- **What you should do**: From the listing below, reproduce word for word the part that opens with the line containing "Figura 1.5.2 Signo" and closes with the line containing "Hoy, el IMSS"; reproduce nothing else.

- **Available data**:
'''
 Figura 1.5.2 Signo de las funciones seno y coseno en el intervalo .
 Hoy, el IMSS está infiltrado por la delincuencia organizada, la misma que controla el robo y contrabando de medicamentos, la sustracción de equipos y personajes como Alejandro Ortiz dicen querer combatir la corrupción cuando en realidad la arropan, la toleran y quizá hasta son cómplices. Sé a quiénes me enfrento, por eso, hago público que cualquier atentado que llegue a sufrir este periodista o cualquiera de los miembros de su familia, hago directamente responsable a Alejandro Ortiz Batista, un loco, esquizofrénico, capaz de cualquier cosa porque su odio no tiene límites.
'''
'''
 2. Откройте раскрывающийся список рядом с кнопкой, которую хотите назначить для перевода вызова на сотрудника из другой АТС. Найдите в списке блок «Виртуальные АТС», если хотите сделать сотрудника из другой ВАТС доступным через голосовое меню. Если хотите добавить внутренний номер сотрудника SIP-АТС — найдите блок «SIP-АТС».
'''
- **Exercise solution**:
 Figura 1.5.2 Signo de las funciones seno y coseno en el intervalo .
 Hoy, el IMSS está infiltrado por la delincuencia organizada, la misma que controla el robo y contrabando de medicamentos, la sustracción de equipos y personajes como Alejandro Ortiz dicen querer combatir la corrupción cuando en realidad la arropan, la toleran y quizá hasta son cómplices. Sé a quiénes me enfrento, por eso, hago público que cualquier atentado que llegue a sufrir este periodista o cualquiera de los miembros de su familia, hago directamente responsable a Alejandro Ortiz Batista, un loco, esquizofrénico, capaz de cualquier cosa porque su odio no tiene límites.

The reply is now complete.